Many balanced funds have given high dividends regularly in the past 2 years. But equity markets go up and down, and investors should not expect this to continue

Photo: iStockPremium
Photo: iStock

Is it unusual that two of India’s top five equity-oriented funds are balanced funds? HDFC Prudence Fund (HPF) is India’s largest equity-oriented fund with assets under management (AUM) of Rs31,717 crore, as of September 2017. ICICI Prudential Balanced Fund (IPBF) packs an AUM of Rs19,601 crore. The question we ask is: are investors smart to choose a lower-risk route to equity exposure through a balanced fund, or is there some other story playing out?

If the reason is that investors made a smart choice, then balanced funds of all fund houses would be among the largest. But only six of the 40 fund houses have their balanced funds larger than their other equity funds. Could it be that the performance of these two balanced funds is so much better than the category average, that investors are choosing performance? However, HPF and IPBF have given satisfactory returns, not stellar performances. Balanced funds of L&T Asset Management Co. (AMC) Ltd and HDFC Asset Management Co. Ltd’s other balanced fund have done just as well and even better at times than these two largest balanced funds over the past 5 years; IPBF didn’t even finish 2017 in the top quintile.

So, what else could be at play?
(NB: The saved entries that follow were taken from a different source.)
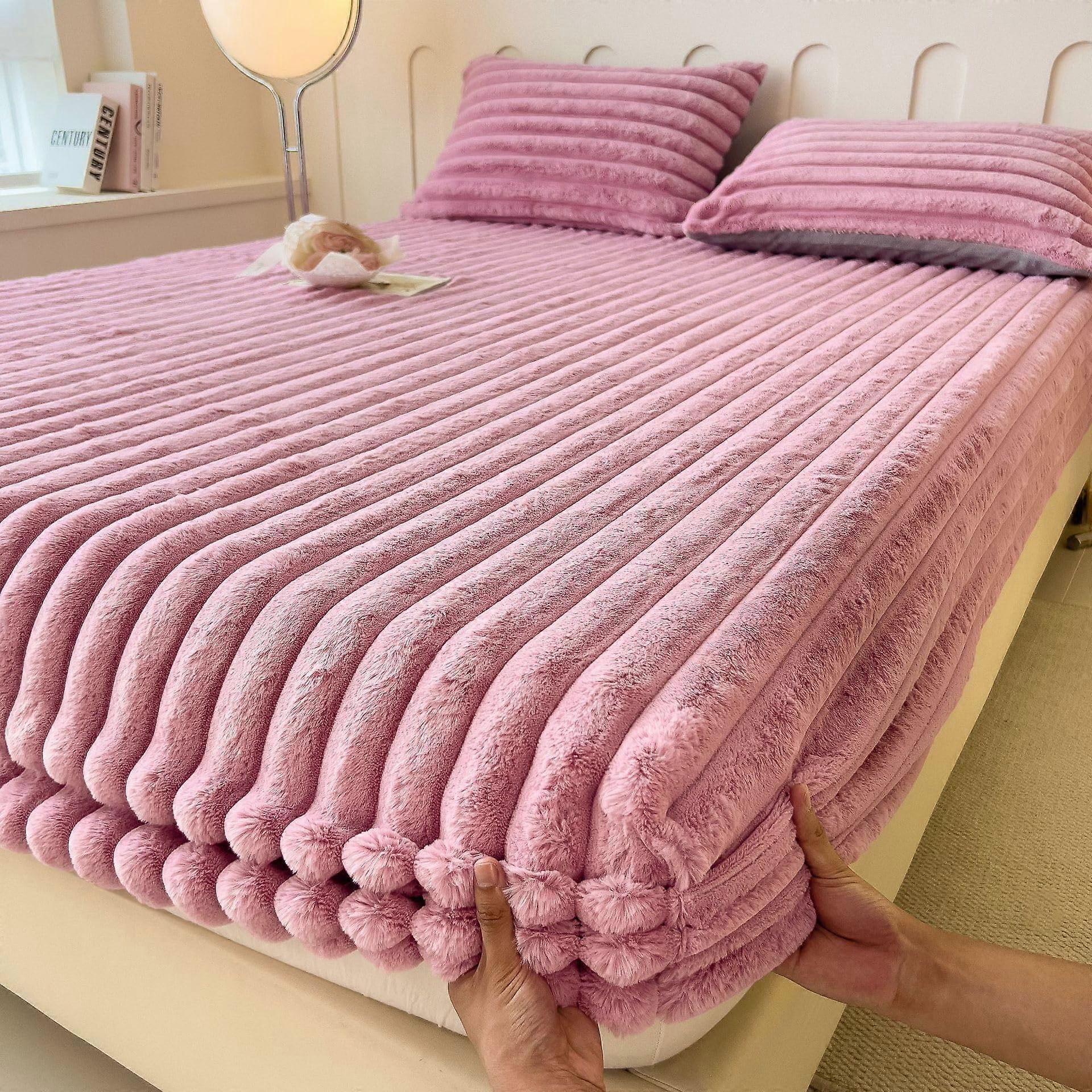 Soft Deep Pocket Bedding Fitted Sheet Queen Size 90x200cm Striped Easy Care Fits Mattress
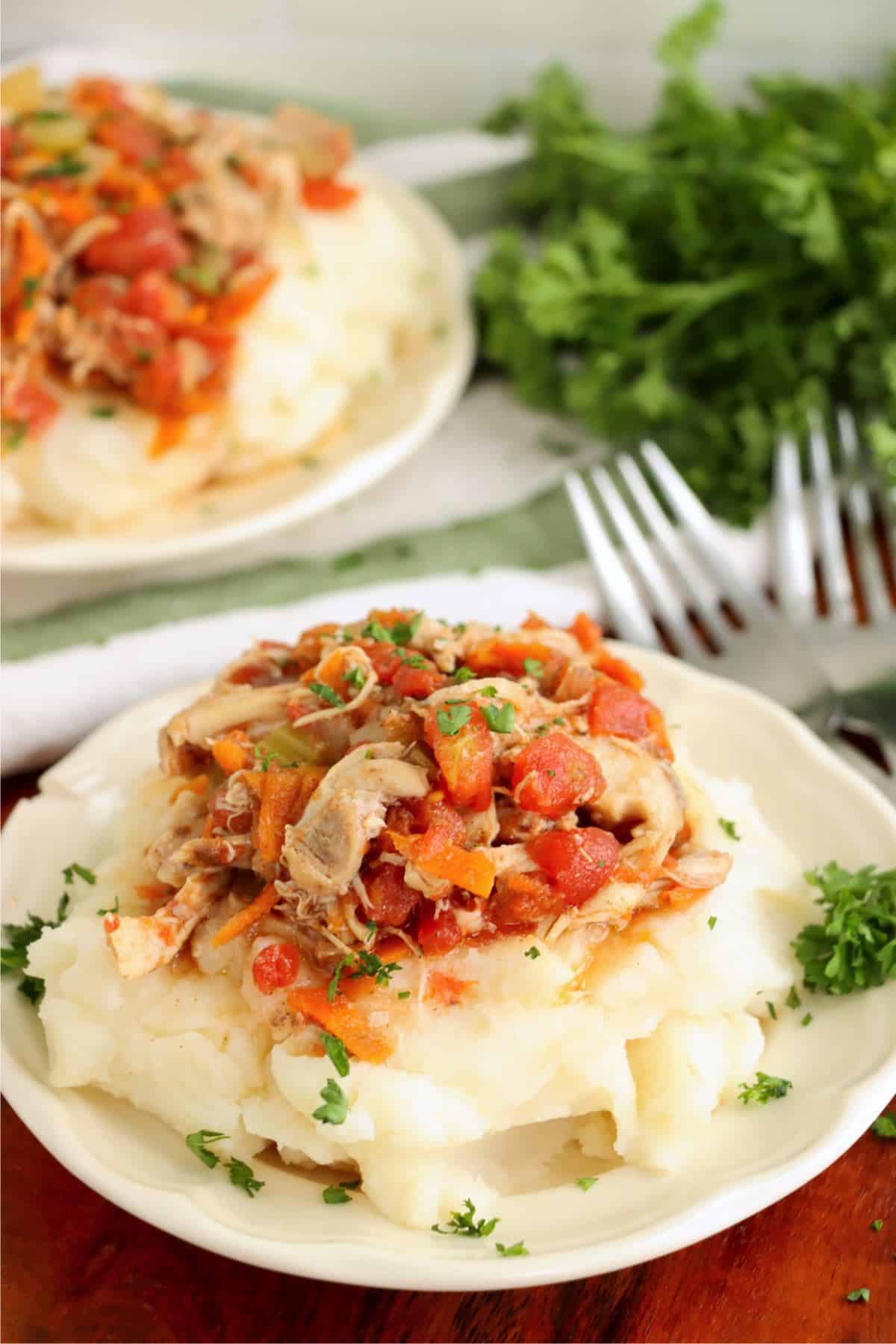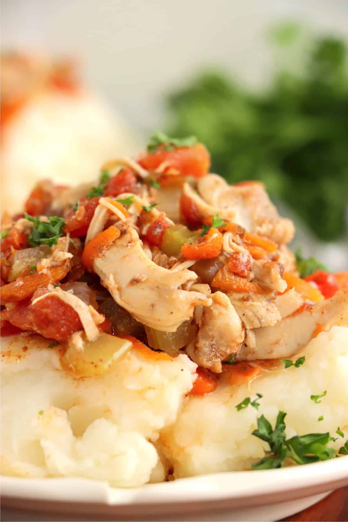 - Return the chicken to your slow cooker and stir until combined. Serve chicken and vegetable mixture over rice, pasta, or mashed potatoes.
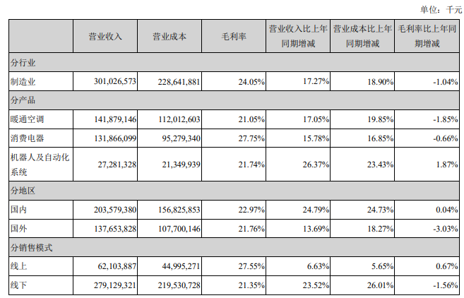 根據(jù)美的集團2021年年度報告顯示,2021年全年,美的集團實現(xiàn)營業(yè)總收入約3412億元,同比增長20.06%;實現(xiàn)扣非凈利潤約259億元,同比增長5.34%。其中,機器人與自動化業(yè)務(wù)在2021年實現(xiàn)營收約273億元,同比增長26.37%。
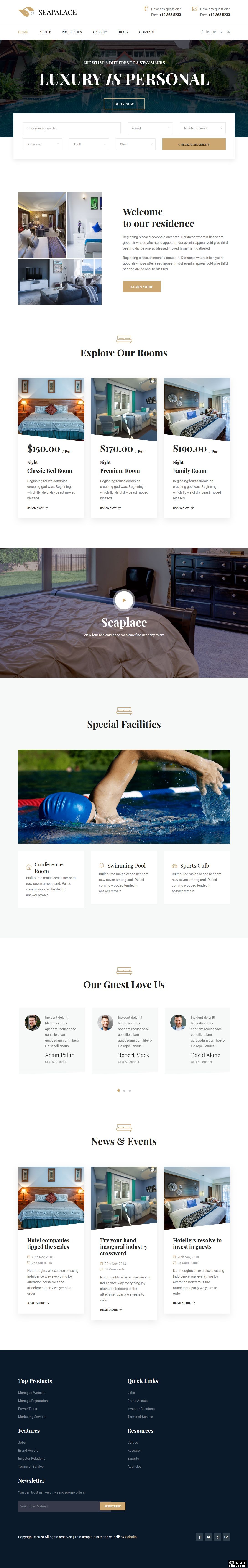 海上皇宫度假酒店响应式网站模板。
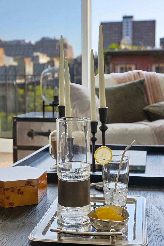 This exceptional Chelsea townhouse penthouse duplex opens to remarkable light, volume, and sweeping views over West Chelsea's historic rooftops.
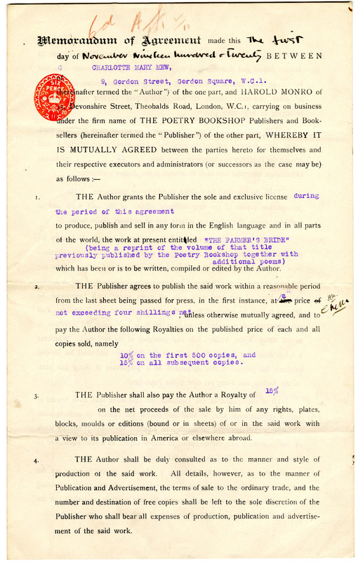 - This contract between Charlotte Mew and Harold Monro outlines terms for the expanded 1921 edition of "The Farmer's Bride," originally published in 1916. Page three (verso of page 2) has been rotated for readability.
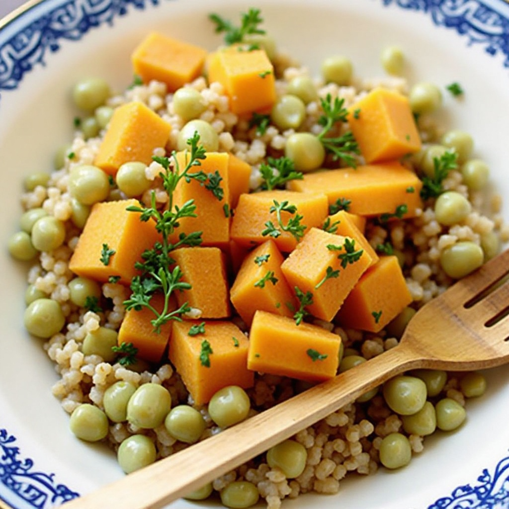 - Agrega los cubos de batata a la mezcla y cocina por unos 5 minutos, revolviendo ocasionalmente para que se cocinen uniformemente.
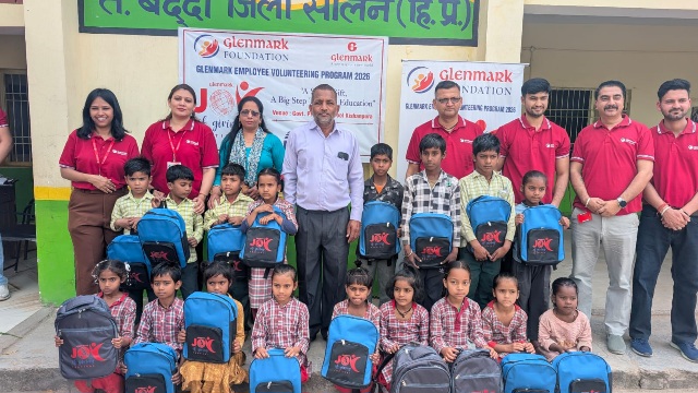 ग्लेनमार्क फार्मा कंपनी ने स्कूली बच्चों को बांटी शिक्षण सामग्री
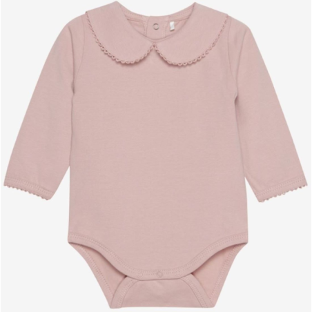 Body de manga larga de color liso de FIXONI. El cuerpo tiene cuello en el escote y se abre con prácticos broches en la espalda y entre las piernas. Fabricado con una calidad que se siente suave y cómoda contra la piel. Certificado según según GOTS - orgánico CERES-0366. ESTÁNDAR 100 por el certificado OEKO-TEX®. N° 2276-365 DTI.
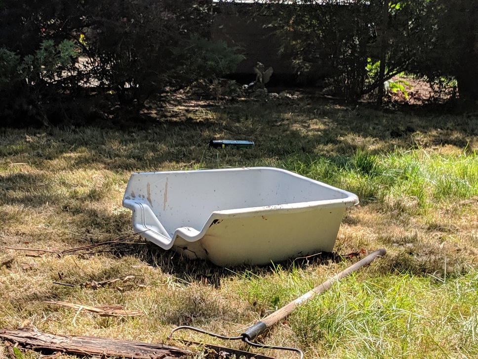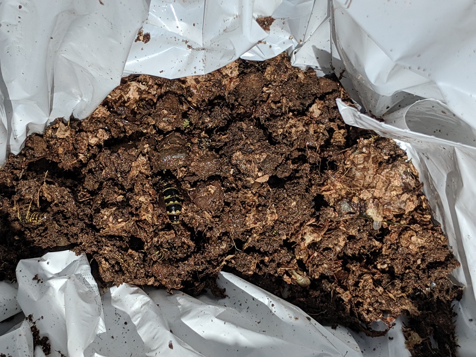 I cleared the area very neatly as I wanted make sure I had a clear understanding of the scope of the problem. In this wider shot you can see I've uncovered the top of the nest. The whole thing was about the size of a large cantaloupe. Attachment 68328 When I went to try to pry it out intact, I wound up tipping the axis of the core with the four horizontal disks of hive inside the paper skin. This was unintentional, but very revealing. There are (barely still) living yellowjackets in this shot, having spent a second can of chemical warfare, but they're subdued. Attachment 68329 So I took the opportunity to kick'em while they were down. What? I'm not paying me to bring these bombs back home! This final strike made a very wet soggy mess of the whole/hole affair. Attachment 68330 Plus, as you can see here in the distance, I'd staged more cans of poison along my escape route should I need to beat a hasty retreat. Hopefully I wouldn't trip on the rake on my way out. |
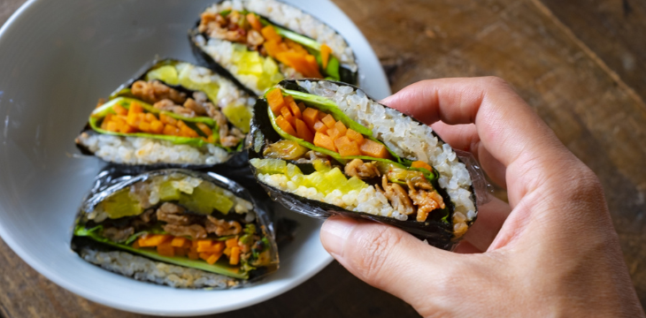 L’ONIGIRAZU, cet onigiri moderne, est un plat japonais qui mêle l’onigiri (boulette de riz japonaise) et le sandwich que nous connaissons. En effet, pas de pain ici mais du riz japonais garni de tout ce qui vous fait plaisir ! Ce plat populaire au Japon a de nombreux avantages : il est sain et convient parfaitement pour des pique-niques car vous pouvez le glisser dans votre bento (plateau repas japonais). En plus, vous pouvez le customiser et le décliner à l’infini en fonction de vos goûts et de vos envies du moment.
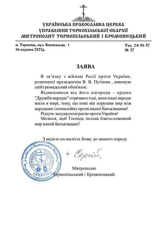 Он написал соответствующее заявление, обнародованное на странице Тернопольской епархии УПЦ МП. Митрополит решил отречься от государственного ордена страны-агрессора.
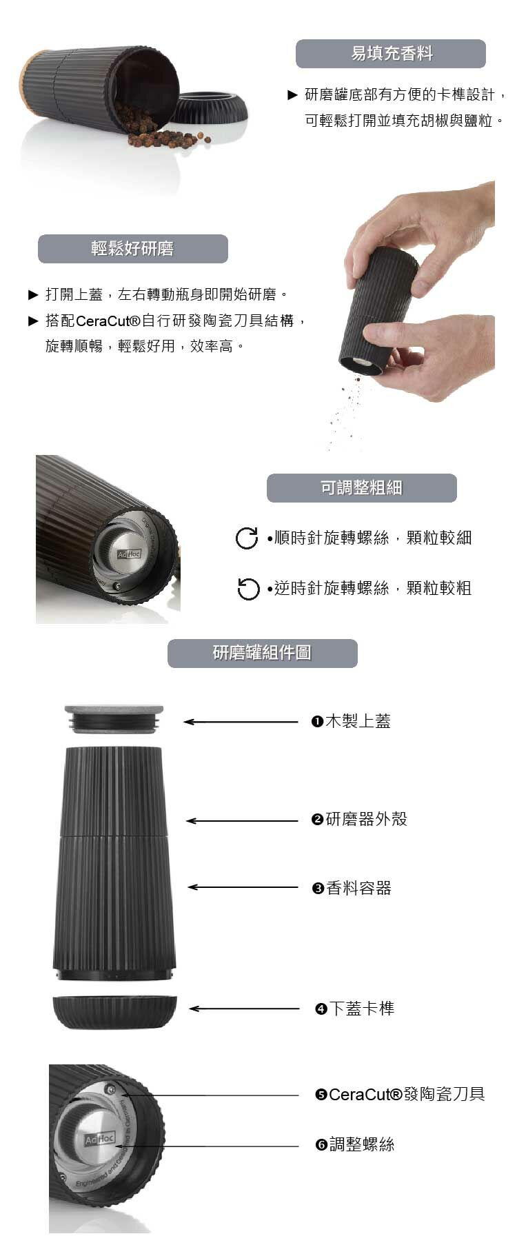 ◎獨家陶瓷刀,不生銹、耐磨,保留香料風味。
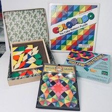 4 Vintage Brain Drain Colorado Mosaic Pattern Block Puzzle Lot Mattel Disc Toys
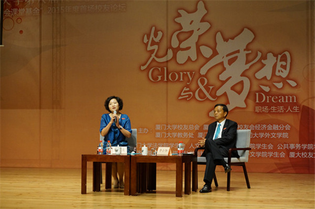 论坛即将结束之时,厦门大学副校长、校友总会副秘书长詹心丽向两位嘉宾赠送纪念品,此次厦门大学第六届校友创业论坛“光荣与梦想”圆满落幕。

Look at the way some fund houses are using large regular dividend payouts to attract investors. We need to look at the corpus of dividend plans. Mutual funds offer two options to investors: growth and dividend. In a divided plan, the capital gains are paid out periodically to investors by declaring a dividend. These plans are good for the retired and those targeting regular income. They are not good for those who want to build a long-term corpus.

The size of HPF’s dividend plan was Rs17,917 crore, almost twice the size of its growth plan (Rs9,810 crore). Sundaram Balanced Fund, one of the smaller funds in this category, too has a dividend plan (Rs305 crore) that’s bigger than its growth plan (Rs281 crore). A look at the largest balanced funds tell us that not all funds have disproportionate inflows in the dividend plans of their balanced funds. Fund houses like SBI Funds Management Co. Ltd and L&T AMC have seen almost similar rise in the corpuses of their respective balanced funds’ dividend and growth plans between January 2016 and September 2017. HPF’s dividend plan, meanwhile, went up 192% as opposed to its growth plan that went up just 43%. IPBF’s corpus went up 365% (monthly dividend plan), as opposed to its growth plan that went up 132% (see graphic). 

What’s wrong with declaring dividends? Nothing, but when investors are verbally promised a regular monthly dividend in a non-guaranteed product, it stinks of mis-selling. “In the past 1 year or so, equity markets have gone only one way—up. Many investors who’ve come into equity funds or balanced funds in the last year or so haven’t really seen a major correction. The dividends may look attractive, but if markets start to fall, dividends could be in jeopardy. What then?" said Amol Joshi, founder, PlanRupee Investment Services.

But rising equity markets aren’t the only reason why investors poured money into balanced funds—Rs95,959 crore in 2017, up from Rs37,705 crore in 2016. Many balanced funds held out a carrot for investors; a regular and monthly dividend. And distributors, especially banks, were only too happy to oblige. Data from Computer Age Management Services (Cams Ltd; one of Indian mutual fund industry’s largest registrar and transfer agents) reveals that many distributors, particularly banks, sold more of dividend plans than growth plans of balanced funds in the past 2 years. For private sector and foreign banks (part of ‘other banks’), 63% of their overall balanced funds sale was in dividend plans, in financial year 2017, as well as in the April-November 2017 period, and 51% for independent financial advisers. (Cams’ data is till November 2017 and covers only those funds that it services; the AUM of these amount to 64% of the mutual funds industry.) 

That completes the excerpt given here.